The number of health professionals infected by Covid-19 in Mozambique has been increasing. At the beginning of the current year, about 300 health professionals tested positive for Covid-19.
Currently, this August, a total of 4,287 health professionals are contaminated.
By the province, Maputo City registered 1,101 cases, leading the list with the highest number of contaminated health professionals. Maputo Province comes next, with a total of 452 – in a list in which Niassa Province, in northern region of Mozambique, holds fewest cases, with 211 infected.
Graphic 1 – Total Number of COVID-19 Infected Health Professional by Province

Maputo City recorded the highest number of deaths of health professionals, with 16 cases. Fallows Gaza Province, with five cases, and finally we have Maputo Province with three cases. Deaths in the remaining provinces vary between two and one.
Graphic 2 – Number of deaths of health professionals by COVID, by province

The high number of deaths and contamination has occurred in this third wave. This worsening situation takes place after the government needs plan, budgeted at USD 700,000,000.00, of which USD 100, 000, 000.00, for prevention and treatment, according to the Covid-19 Fund Use Report.
Although MISAU received the money, complaints about the lack of material and protective equipment for health professionals persist.
In 2020, the Citizen Health Observatory (OCS) denounced the lack of protective equipment in the national hospital unities, describing a scenario at Maputo Central Hospital (HCM), in which health professionals were forced to wear the same mask for a week, while lacking disposable cassocks for them and for the trainees working in the traffic centers.
“They didn’t give us the disposable cassocks when we entered the transit center” the source said, speaking on condition of anonymity.
With the lack of protective material, the health professionals – to avoid contact with viral infections – simply did not go to the workplace.
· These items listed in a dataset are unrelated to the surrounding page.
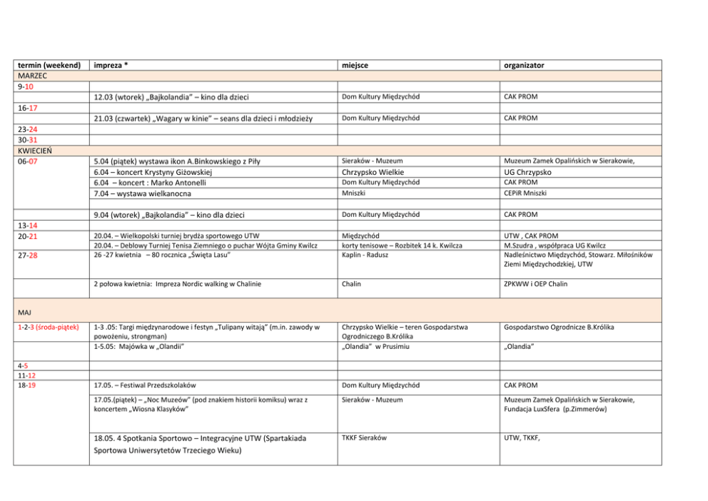 termin (weekend) impreza * miejsce organizator MARZEC 9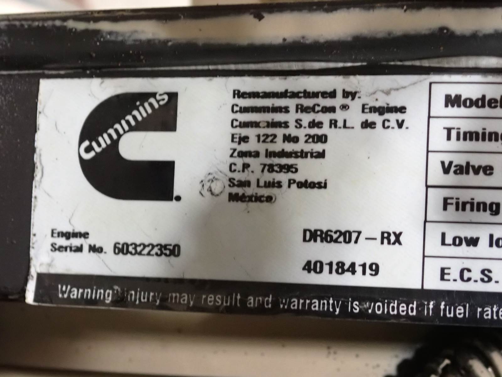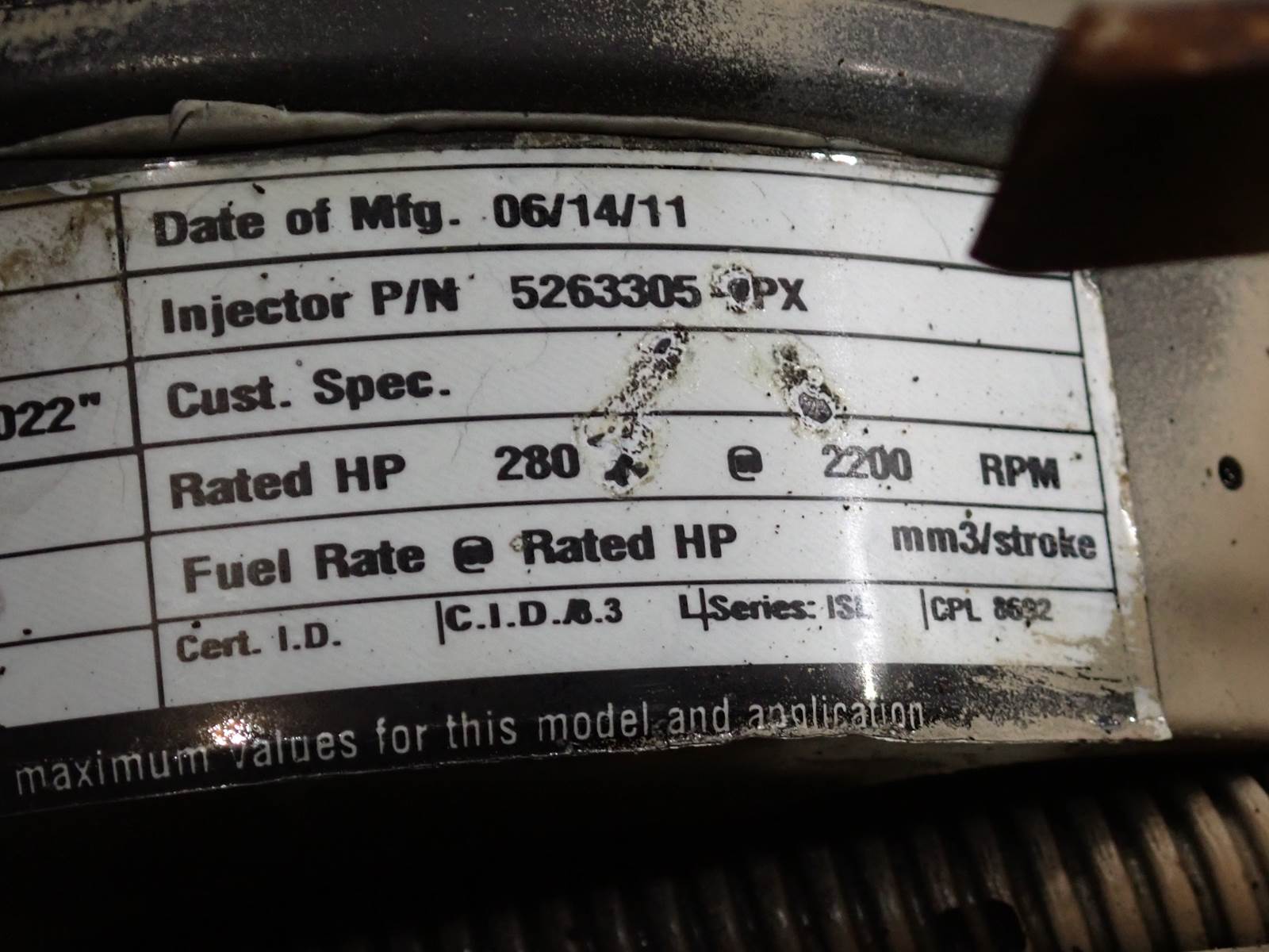 2011 REMAN Cummins ISC-280 (labeled C8.3-300E,) common rail fuel system, CM850, CPL 8692, 300 HP, 8.3 liter displacement. Will interchange w/ most 2004-2007 truck engine applications, contact us for help w/ interchange. 348,832 total miles on ECM. TEST RAN CLEAN, SEE VIDEO. 68 PSI oil pressure observed at cold idle, no smoke or blowby visible during cold test run.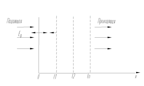 Пусть имеется N-слойный плоский объект на который падает плоская электромагнитная волна (соотношение между длиной волны и толщинами слоёв произвольное). Каждый n-ый слой характеризуется константой распространения Кn, а граница раздела между n-ым и (n+1)-м слоем имеет координату ln рис. 3.1.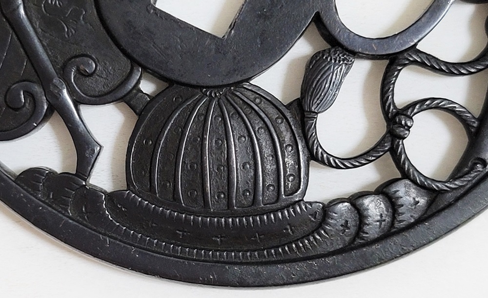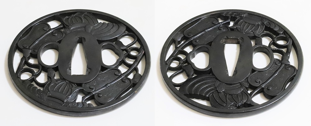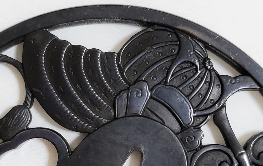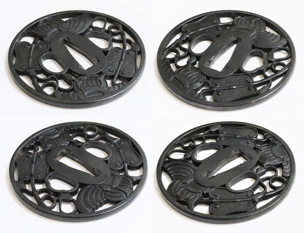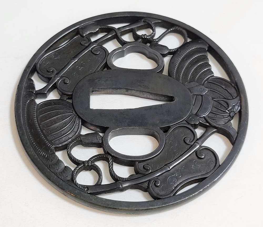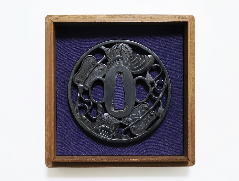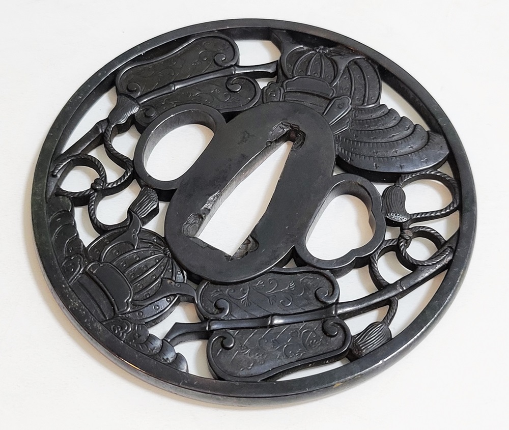 真丸形、赤銅地無色、肉彫透、角耳小肉の長州に極められた兜軍配透鐔。精巧で重厚感あり優美高尚。2024年特別保存審査合格。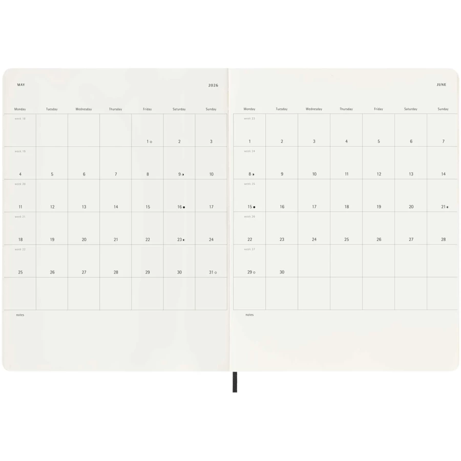 12-miesięczny kalendarz tygodniowy Moleskine XL w miękkiej oprawie, obejmujący okres od stycznia do grudnia 2026 r., pokazuje w skrócie cały tydzień, zawierając jednocześnie przeglądowe strony roczne i miesięczne zapewniające lepszy podgląd roku oraz strony na planowanie podróży, zapisywanie pomysłów i celów. Dni każdego tygodnia są pokazane po jednej stronie obok strony w linie z miejscem na zadania i notatki. Zawiera bezkwasowy papier w kolorze kości słoniowej, czarne elastyczne zamknięcie, wstążkę do zaznaczania stron, kolorową rozszerzalną kieszeń wewnętrzną i naklejki do personalizacji, a także naklejki z rokiem na grzbiecie.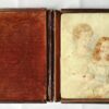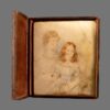 Presented in its original period hinged case with velvet lining, in the manner of daguerreotype and ambrotype photographic portraits. While frequently mistaken for early photographic processes, this example is a painted ceramic miniature rather than a daguerreotype.
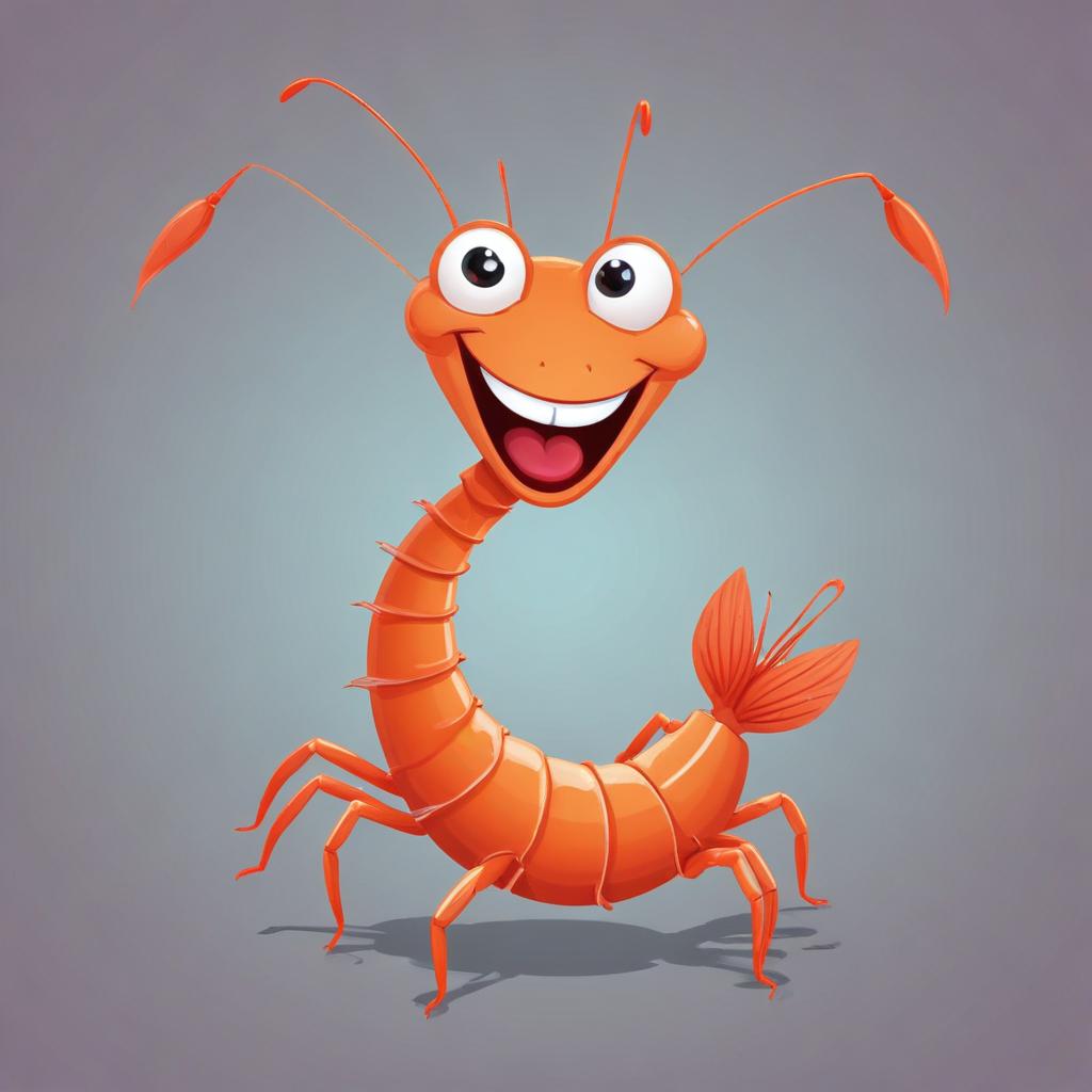 A cartoon shrimp with large, wide eyes smiles broadly with its mouth open. It is standing on its legs and its tail is curled to one side.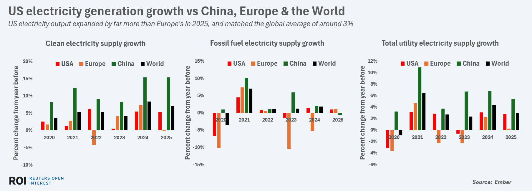 The U.S. growth rate matches the global average in 2025, but lags the 5% rise in utility electricity output posted by China.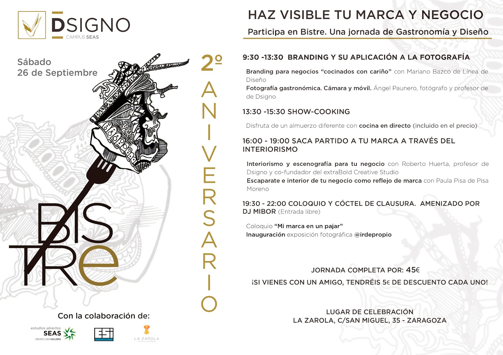 El sábado, 26, cita con el diseño en BISTRE, que unirá gastronomía y diseño para celebrar el 2º aniversario de Dsigno. Con una sesión formativa en La Zarola −San Miguel, 35. Zaragoza. 661 668 471−, a través de numerosos profesionales y especialistas del sector. Se aprenderá a destacar nuestro negocio y a vender nuestra marca a través de la fotografía, el interiorismo o el escaparatismo. Con profesionales del Branding, como Mariano Bazco de Línea de Diseño, y de la fotografía gastronómica con cámara y móvil, Ángel Paunero, profesor de Dsigno y fotógrafo.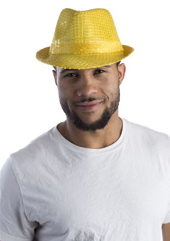Yellow Sequined Unisex Fedora Hat - This product includes fedora hat. Does not include shirt. The fedora will get compliments coming your way. Dress up any attire with this hat and see yourself liven up the party. This one size fits most hat makes a great accessory for your costume.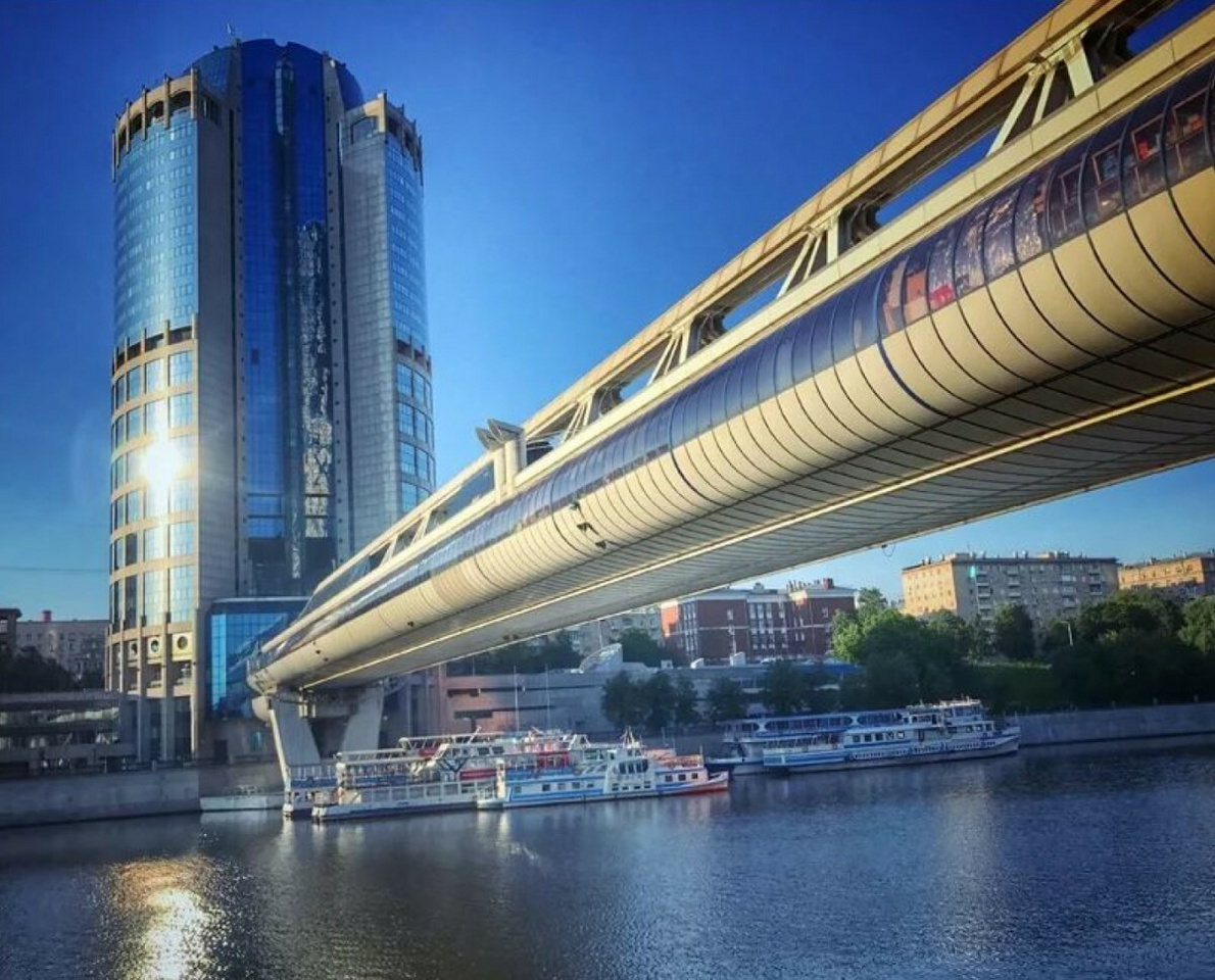 4. Красивые виды. Мост Багратион предоставляет отличные виды на реку Москву, а также на близлежащие районы. Вечером мост красиво освещается, и его освещенная структура выглядит особенно эффектно на фоне ночной столицы.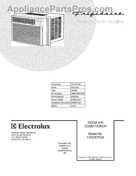 Parts for Frigidaire FAS187P2A1: 01 - Cover Parts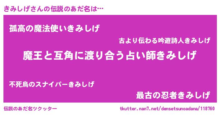| ヒーロー風カッコイイあだ名 | 『慈愛の使者きみしげ』『仮面キミダー』 |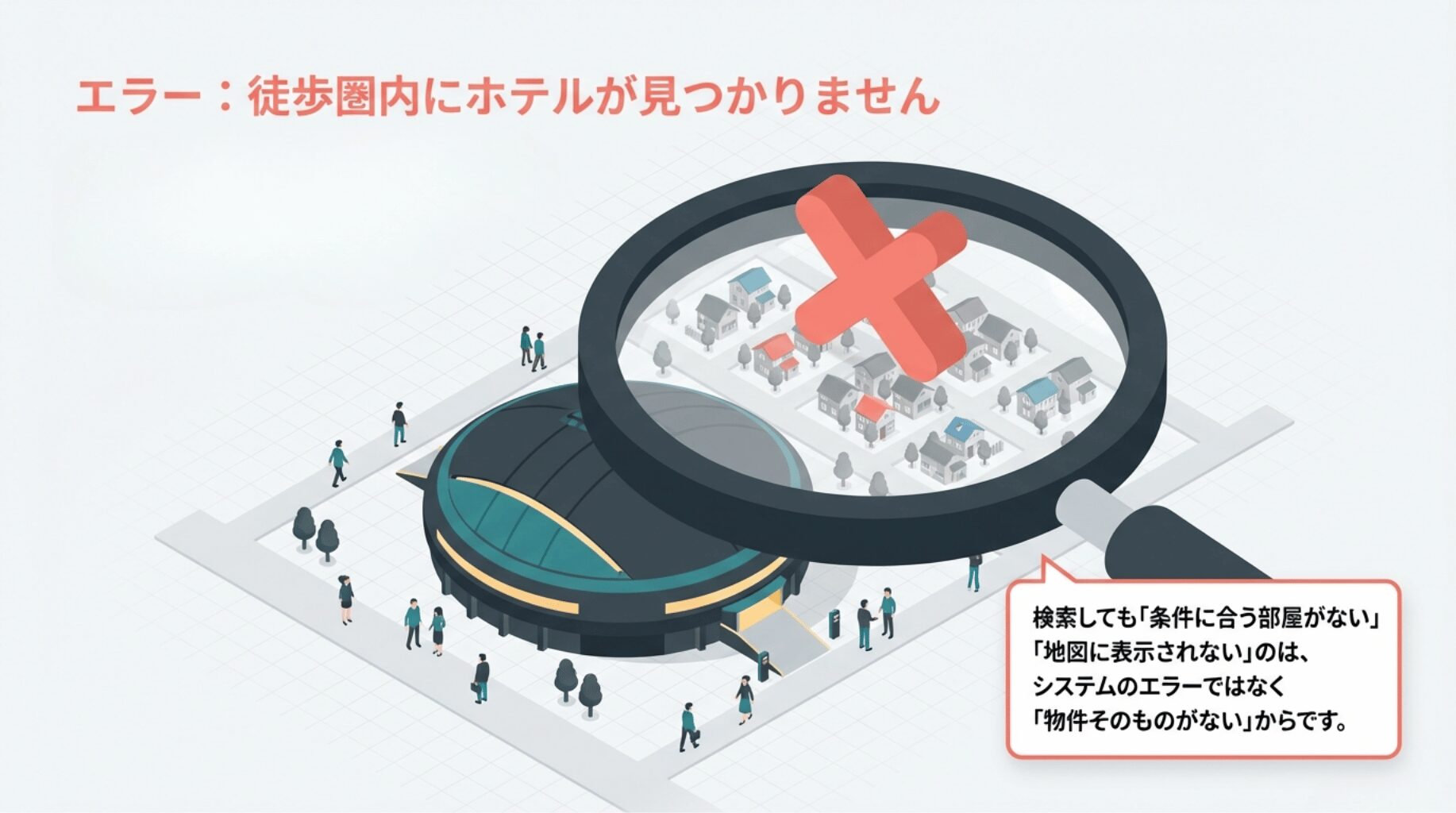 徒歩圏で選べるホテルがほとんどないと気づいたとき、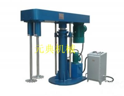 双轴搅拌分散机,适用于各化工行业(如油墨、油漆、涂料、颜料等)的物料分散、混合、调和等生产工艺。能独立分散易分散及对细度要求不高的各种物料,同时进行搅拌混合直接制成产品。本机的分散叶轮为锯齿形,分散叶轮在浆料中作高速旋转运动时,促使缸内浆料剧烈翻动,物料粒子受到强烈的冲击和剪切作用从而迅速地分散成微粒,搅拌浆叶根据物料缸大小而制造,使物料缸四周底部的物料能够得到充分的分散,达到生产工艺要求。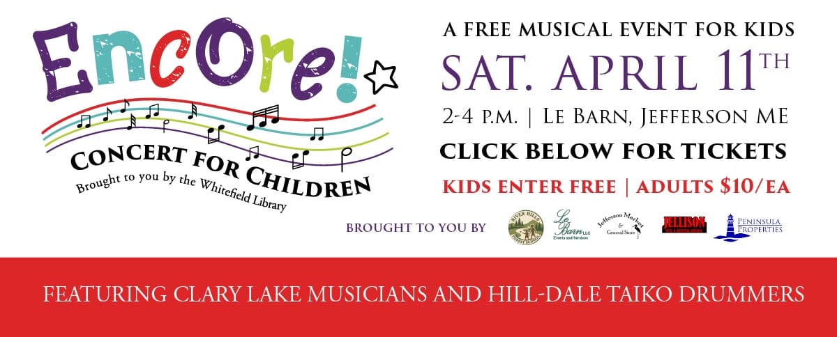 Join us on Saturday, April 11 from 2-4 P.M. at Le Barn in Jefferson, for a concert featuring Clary Lake Musicians and Hall-Dale Taiko Drummers! Kids tickets are FREE, and Read More ...
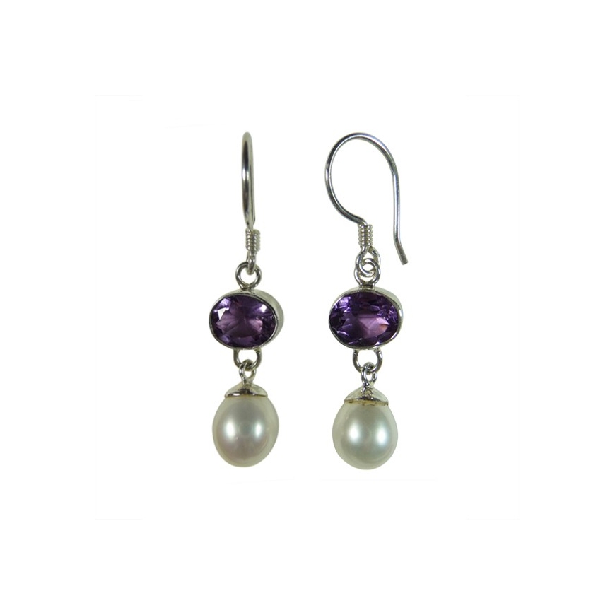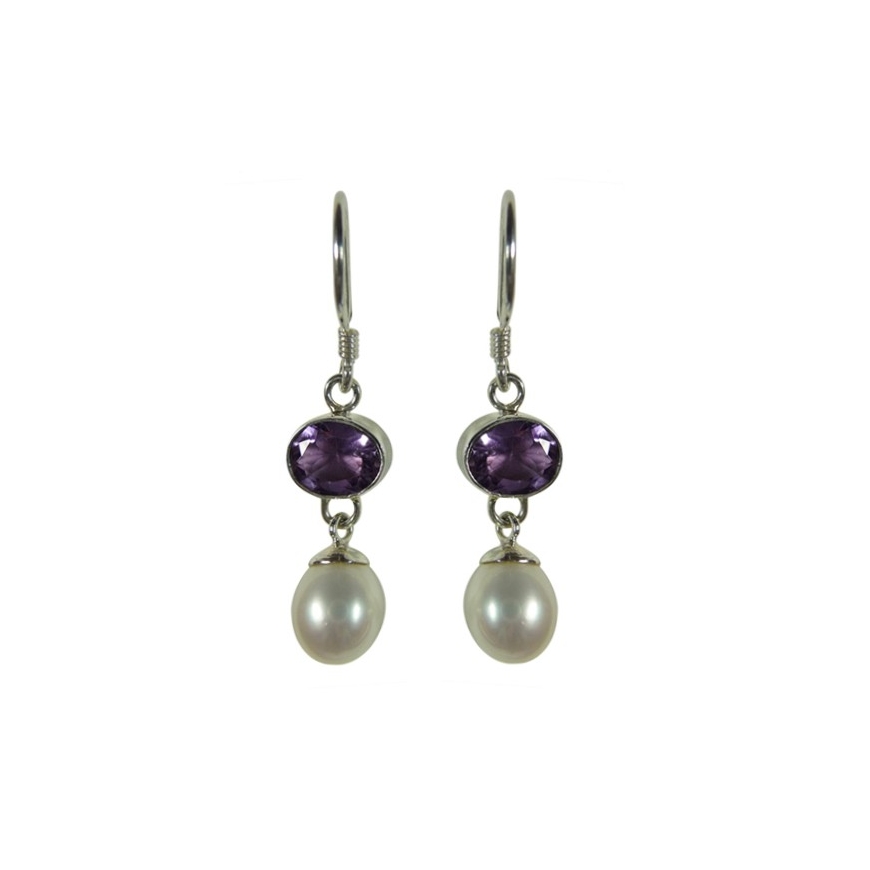 • Ces boucles d'oreilles en argent montées en dormeuses serties d' améthystes facettées et rehaussées d'une perle de nacre peuvent se porter avec toutes les tenues. Livrées avec des bouchons silicone autobloquants.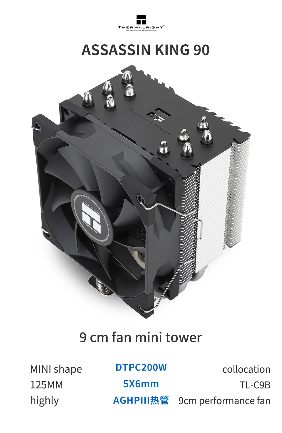 Comprar Thermalright-enfriador de CPU de tubo de calor AK90 5, ventilador de 92mm, PWM, 125mm de alto, Mini radiador de torre para Intel LGA1700 115X 1200 2011 AM5 AM4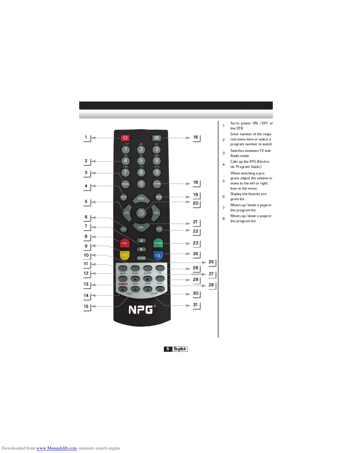 Calls up the EPG (Electro-

There was also a lack of professionals in various health sectors due to the lack of Personal Protective Material (MPI). When OCS contacted the hospital directions, knew that there was not enough material – it was being rationalized.
According to The National Inventory (SARA 2018), the national average labor force ratio is 6 workers in the specific health area per 10,000 inhabitants.
This means that the contamination of more than 4,000 health professionals directly affects the provision of various services in the hospital units, at a time when the country needs more professionals to assist the patients, considering that, per day, about 1,000 people get infected by Covid-19.
In the context of this pandemic, the use of PPE by health professionals is extremely important to avoid the transmission of Covid-19 and the increase of new cases and deaths among the agents of this professional class.
With the excessive contamination of health agents, the National Health System is going to face a collapse, characterized not only by the lack of equipment, but also by the absence of professionals.
According to the World Health Organization (WHO), about 10% of health professionals fall ill as a result of their professional practice in this pandemic.
The contamination of professionals can mean increase of hospital overload. Thus, many health professionals find themselves in physical and psychological collapse, a fact that can also contribute to a less humanized care in the hospital unites.
OCS defends that MISAU, in coordination with its partners, should prioritize the safety of health professionals, allocating resources that can enable greater availability of PPE in the Sanitary Units. From our point of view, it is a matter of prioritization, since the Government and donors can make use of the same logistics, used in vaccination, for the provision of PPE and other equipment.